■ **REQUIREMENT**: When the line with "紅葉は花ではありませんが、季" turns up below, begin repeating exactly, and carry on through the line with "По данным сервиса"; no pictures go into the copy.

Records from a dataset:

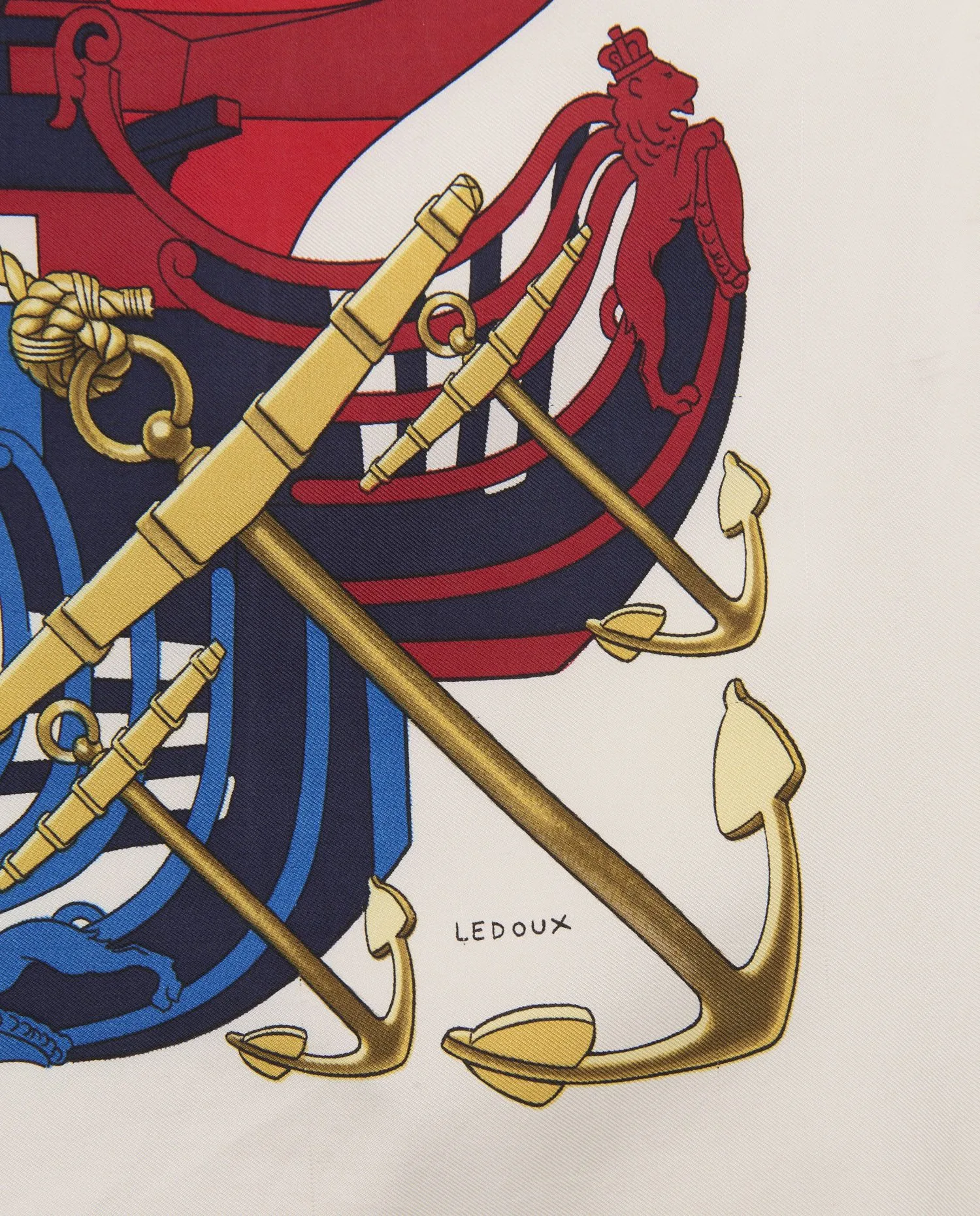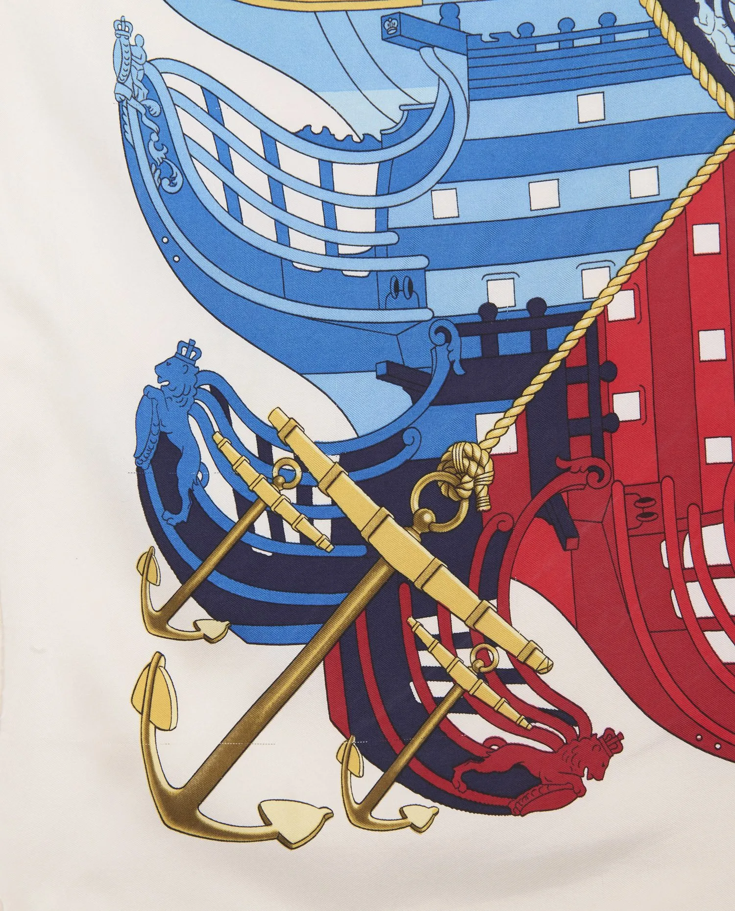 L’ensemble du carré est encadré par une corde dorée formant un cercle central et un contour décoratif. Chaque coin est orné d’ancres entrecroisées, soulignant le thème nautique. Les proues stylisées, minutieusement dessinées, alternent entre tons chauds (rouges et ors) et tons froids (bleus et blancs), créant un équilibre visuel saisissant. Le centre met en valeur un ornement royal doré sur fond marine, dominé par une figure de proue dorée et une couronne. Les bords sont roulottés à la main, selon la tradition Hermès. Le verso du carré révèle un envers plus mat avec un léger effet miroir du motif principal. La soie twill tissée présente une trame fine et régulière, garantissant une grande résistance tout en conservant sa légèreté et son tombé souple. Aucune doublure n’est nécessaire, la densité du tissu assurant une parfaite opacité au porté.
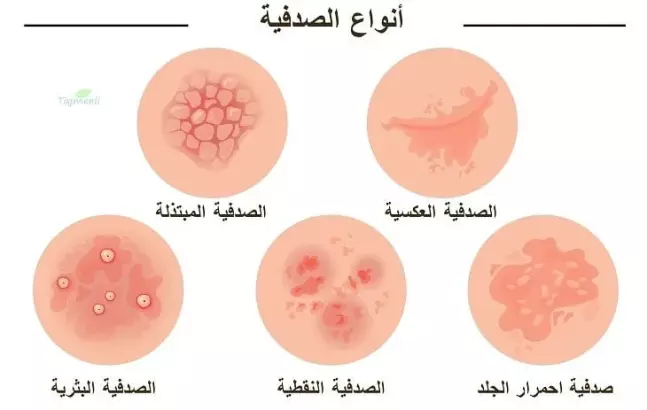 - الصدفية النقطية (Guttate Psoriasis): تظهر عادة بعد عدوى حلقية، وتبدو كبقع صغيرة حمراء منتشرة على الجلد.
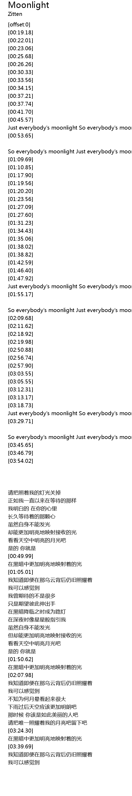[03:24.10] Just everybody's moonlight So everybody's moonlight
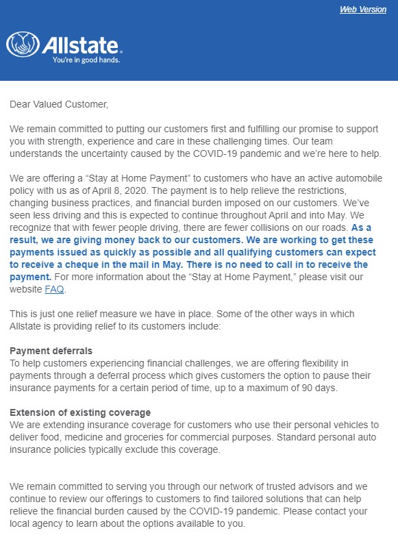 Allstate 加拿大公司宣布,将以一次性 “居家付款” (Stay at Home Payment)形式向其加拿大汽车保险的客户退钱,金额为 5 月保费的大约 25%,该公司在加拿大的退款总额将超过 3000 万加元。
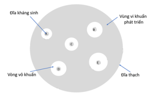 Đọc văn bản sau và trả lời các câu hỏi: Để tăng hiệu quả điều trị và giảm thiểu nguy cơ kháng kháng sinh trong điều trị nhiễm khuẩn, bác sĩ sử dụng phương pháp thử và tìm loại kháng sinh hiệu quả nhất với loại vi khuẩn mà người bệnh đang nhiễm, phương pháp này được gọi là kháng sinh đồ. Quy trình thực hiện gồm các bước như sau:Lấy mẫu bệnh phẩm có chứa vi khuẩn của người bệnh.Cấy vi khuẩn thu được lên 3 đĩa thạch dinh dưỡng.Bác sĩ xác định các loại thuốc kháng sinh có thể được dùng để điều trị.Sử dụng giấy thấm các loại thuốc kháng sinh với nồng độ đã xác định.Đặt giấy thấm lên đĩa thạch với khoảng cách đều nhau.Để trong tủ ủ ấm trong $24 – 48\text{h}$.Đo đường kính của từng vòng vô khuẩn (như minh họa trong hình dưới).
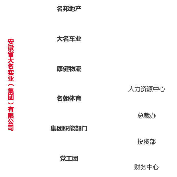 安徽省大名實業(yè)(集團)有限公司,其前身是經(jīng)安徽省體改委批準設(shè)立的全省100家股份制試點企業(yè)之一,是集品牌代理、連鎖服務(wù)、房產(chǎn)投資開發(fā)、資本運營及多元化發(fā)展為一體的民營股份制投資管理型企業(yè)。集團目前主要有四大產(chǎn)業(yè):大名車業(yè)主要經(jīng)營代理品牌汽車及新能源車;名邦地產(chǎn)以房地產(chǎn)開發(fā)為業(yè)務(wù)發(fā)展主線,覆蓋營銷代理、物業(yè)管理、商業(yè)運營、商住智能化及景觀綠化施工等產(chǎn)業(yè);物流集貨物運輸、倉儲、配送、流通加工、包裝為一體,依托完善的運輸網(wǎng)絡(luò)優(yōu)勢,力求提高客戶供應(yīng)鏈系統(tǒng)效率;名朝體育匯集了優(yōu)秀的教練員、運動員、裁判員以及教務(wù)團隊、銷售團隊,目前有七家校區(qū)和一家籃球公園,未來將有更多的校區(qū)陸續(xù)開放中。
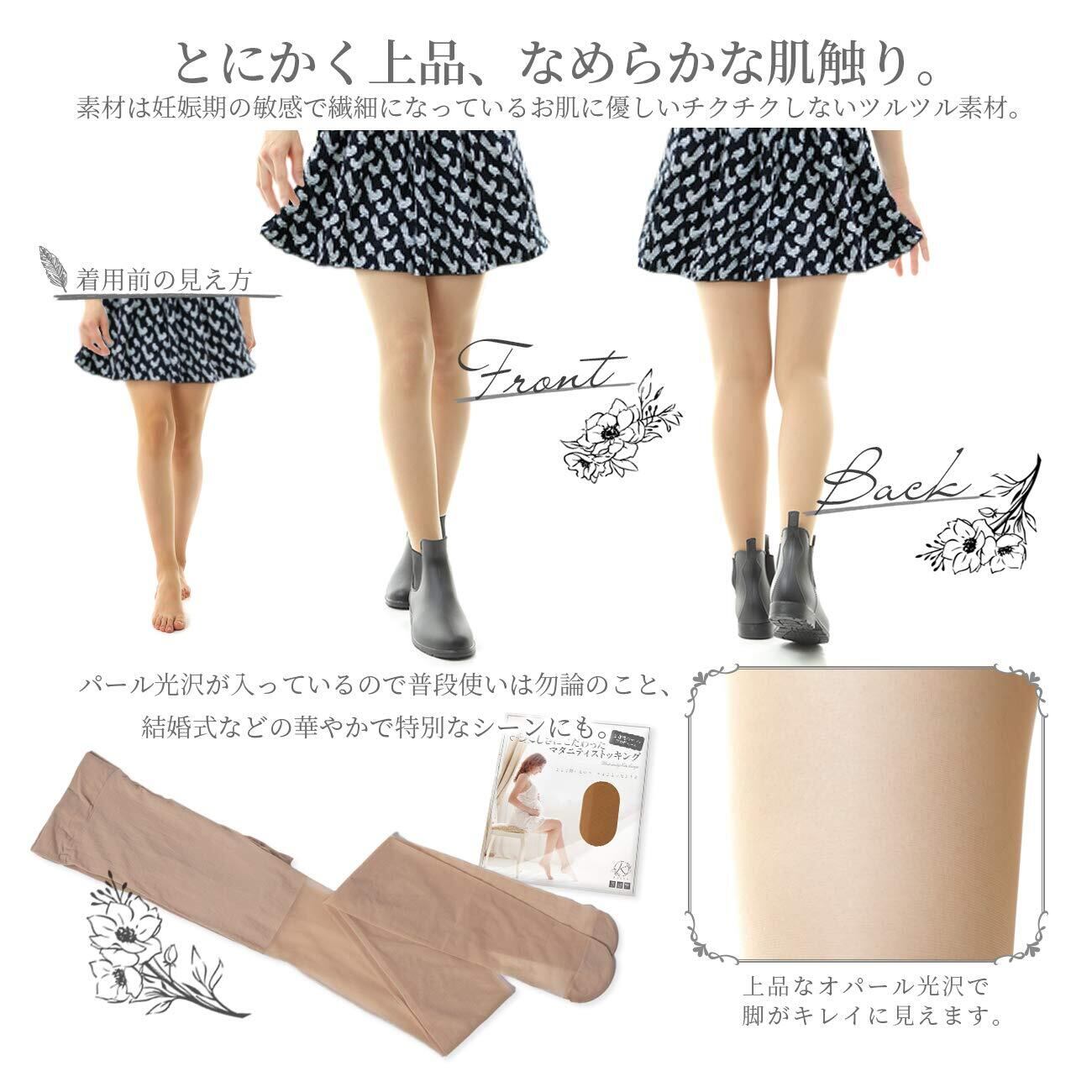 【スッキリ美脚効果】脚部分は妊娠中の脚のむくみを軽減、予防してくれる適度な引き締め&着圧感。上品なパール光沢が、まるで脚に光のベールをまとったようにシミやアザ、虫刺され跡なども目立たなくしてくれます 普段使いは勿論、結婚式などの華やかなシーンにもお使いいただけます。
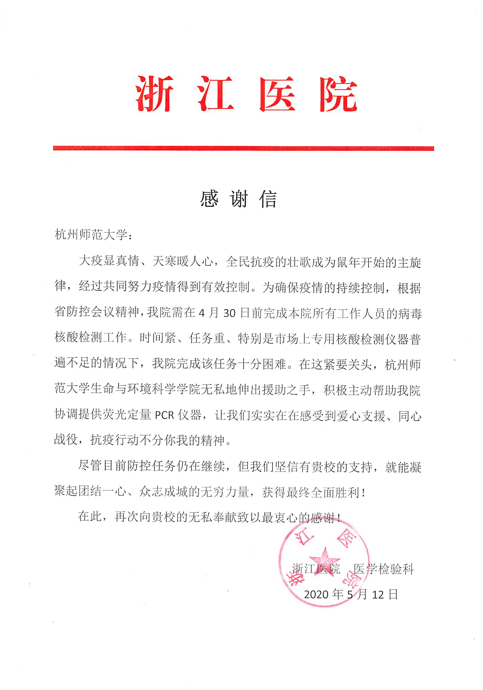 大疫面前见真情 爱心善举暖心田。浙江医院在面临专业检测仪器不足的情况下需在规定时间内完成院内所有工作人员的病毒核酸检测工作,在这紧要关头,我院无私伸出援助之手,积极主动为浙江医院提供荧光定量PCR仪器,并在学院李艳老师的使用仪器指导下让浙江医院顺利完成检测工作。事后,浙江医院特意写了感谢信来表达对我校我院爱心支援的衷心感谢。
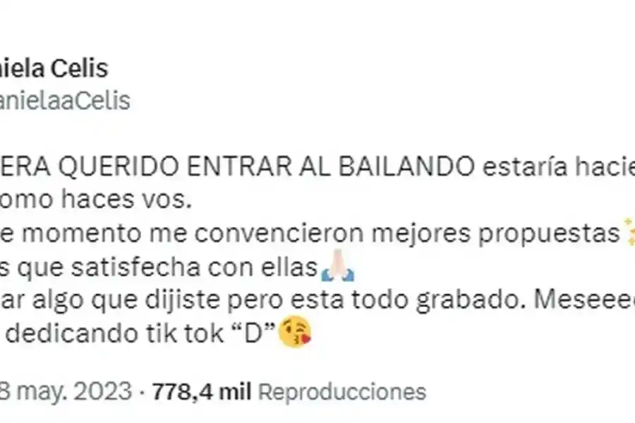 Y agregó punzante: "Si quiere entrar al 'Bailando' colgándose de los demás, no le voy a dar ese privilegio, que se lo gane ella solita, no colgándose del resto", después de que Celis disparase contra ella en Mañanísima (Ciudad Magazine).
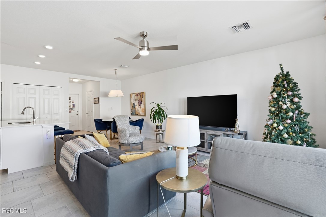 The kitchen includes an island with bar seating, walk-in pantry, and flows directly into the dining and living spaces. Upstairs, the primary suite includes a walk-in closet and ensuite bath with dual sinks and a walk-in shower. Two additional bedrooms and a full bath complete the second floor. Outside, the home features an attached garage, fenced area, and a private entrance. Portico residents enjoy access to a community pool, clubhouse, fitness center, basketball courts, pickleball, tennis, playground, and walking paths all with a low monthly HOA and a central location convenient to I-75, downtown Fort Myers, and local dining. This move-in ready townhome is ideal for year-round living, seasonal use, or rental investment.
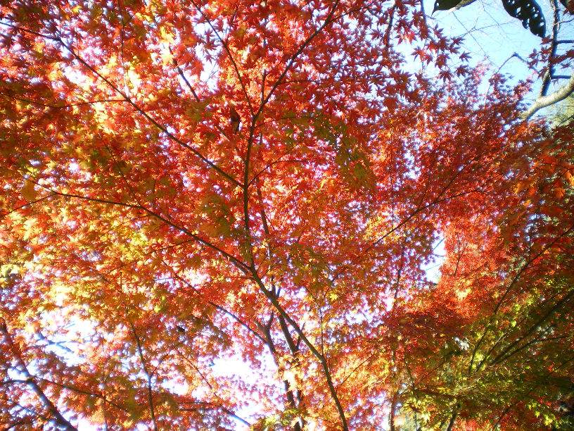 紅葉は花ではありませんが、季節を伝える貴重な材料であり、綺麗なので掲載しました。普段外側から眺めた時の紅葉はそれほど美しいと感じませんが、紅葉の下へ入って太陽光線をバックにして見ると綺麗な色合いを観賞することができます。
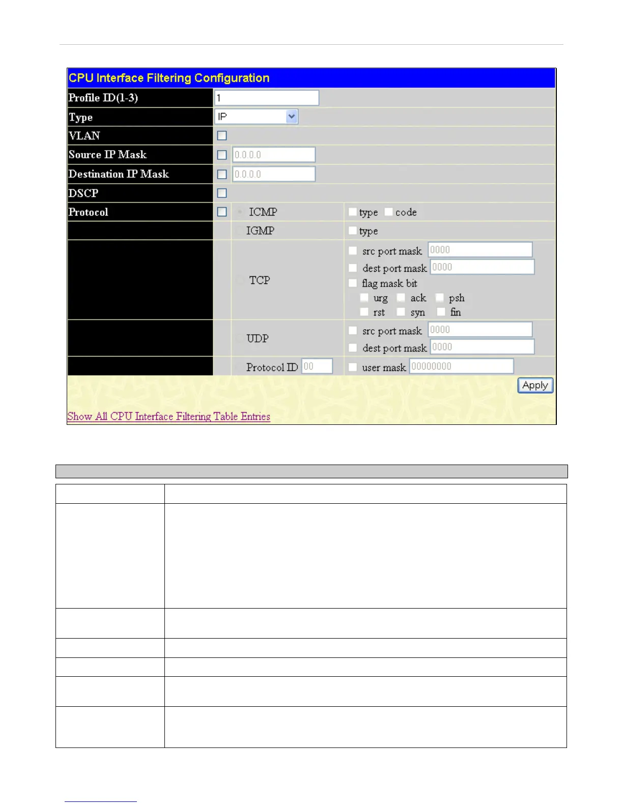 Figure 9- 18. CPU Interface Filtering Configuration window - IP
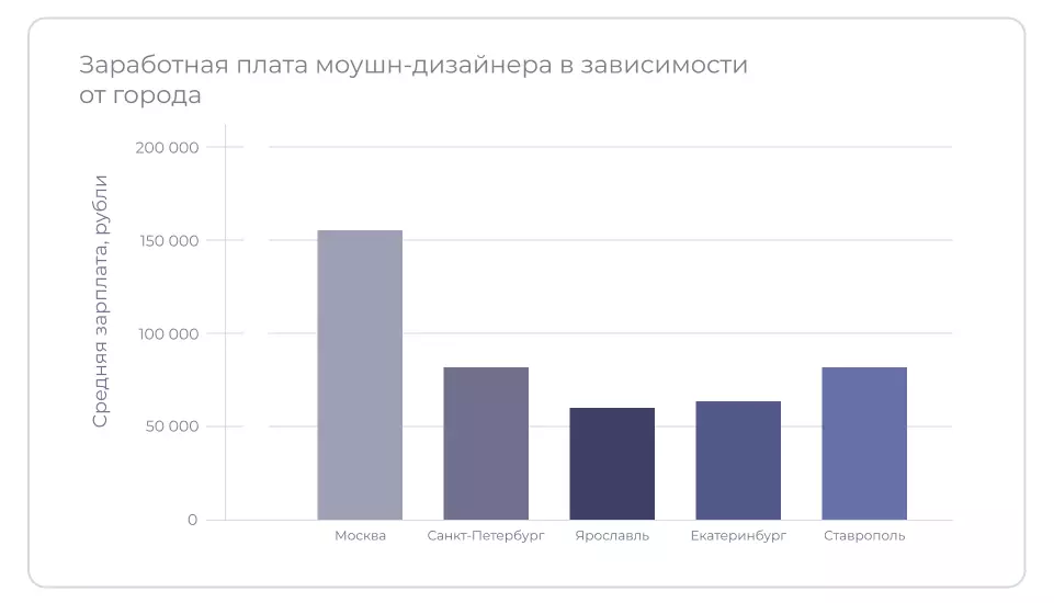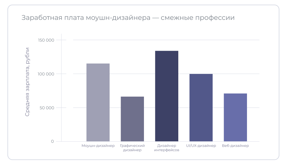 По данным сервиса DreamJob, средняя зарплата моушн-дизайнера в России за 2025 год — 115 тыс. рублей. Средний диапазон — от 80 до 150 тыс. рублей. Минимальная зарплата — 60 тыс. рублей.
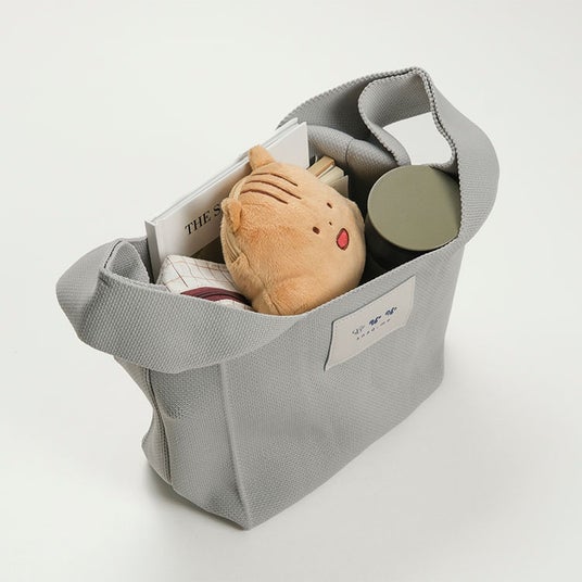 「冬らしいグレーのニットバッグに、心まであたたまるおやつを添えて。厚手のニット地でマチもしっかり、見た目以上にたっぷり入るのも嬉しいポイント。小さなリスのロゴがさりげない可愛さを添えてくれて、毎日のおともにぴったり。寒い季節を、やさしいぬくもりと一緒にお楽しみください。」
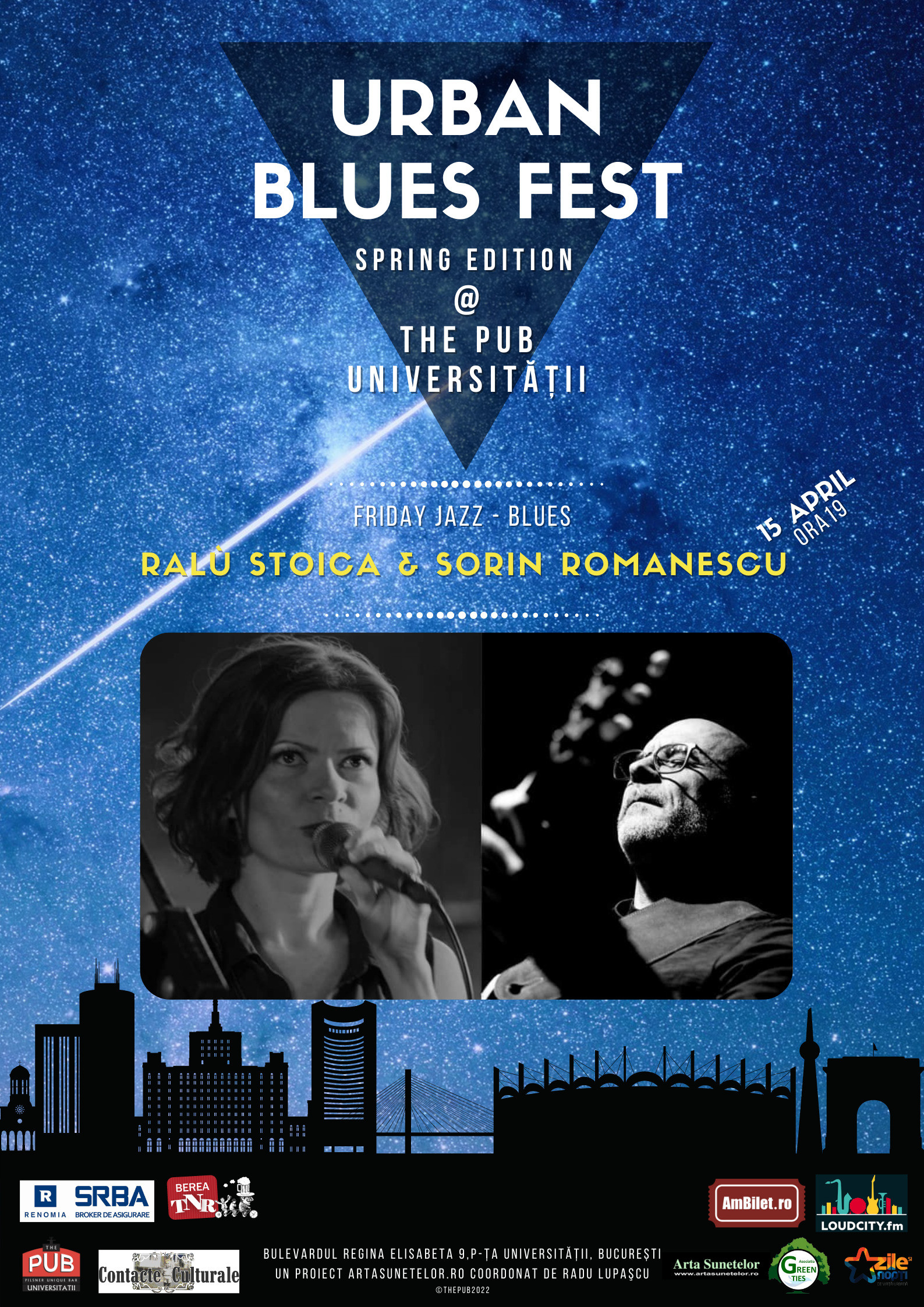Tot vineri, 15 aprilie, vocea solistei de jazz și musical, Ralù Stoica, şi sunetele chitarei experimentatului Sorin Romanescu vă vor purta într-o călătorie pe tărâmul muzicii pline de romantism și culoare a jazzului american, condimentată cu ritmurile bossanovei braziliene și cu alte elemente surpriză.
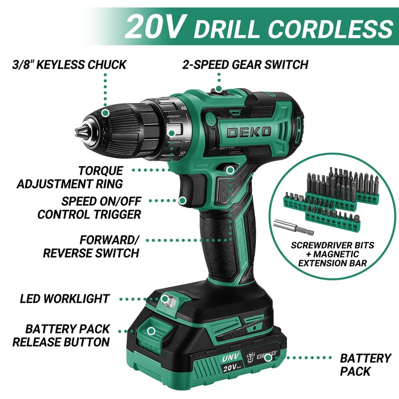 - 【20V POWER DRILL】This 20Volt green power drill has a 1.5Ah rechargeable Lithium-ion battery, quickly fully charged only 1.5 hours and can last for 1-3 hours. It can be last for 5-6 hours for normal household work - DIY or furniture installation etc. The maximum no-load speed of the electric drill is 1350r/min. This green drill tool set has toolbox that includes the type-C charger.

■ **ANSWER FOR THE TASK**:
 紅葉は花ではありませんが、季節を伝える貴重な材料であり、綺麗なので掲載しました。普段外側から眺めた時の紅葉はそれほど美しいと感じませんが、紅葉の下へ入って太陽光線をバックにして見ると綺麗な色合いを観賞することができます。
 Figure 9- 18. CPU Interface Filtering Configuration window - IP
 По данным сервиса DreamJob, средняя зарплата моушн-дизайнера в России за 2025 год — 115 тыс. рублей. Средний диапазон — от 80 до 150 тыс. рублей. Минимальная зарплата — 60 тыс. рублей.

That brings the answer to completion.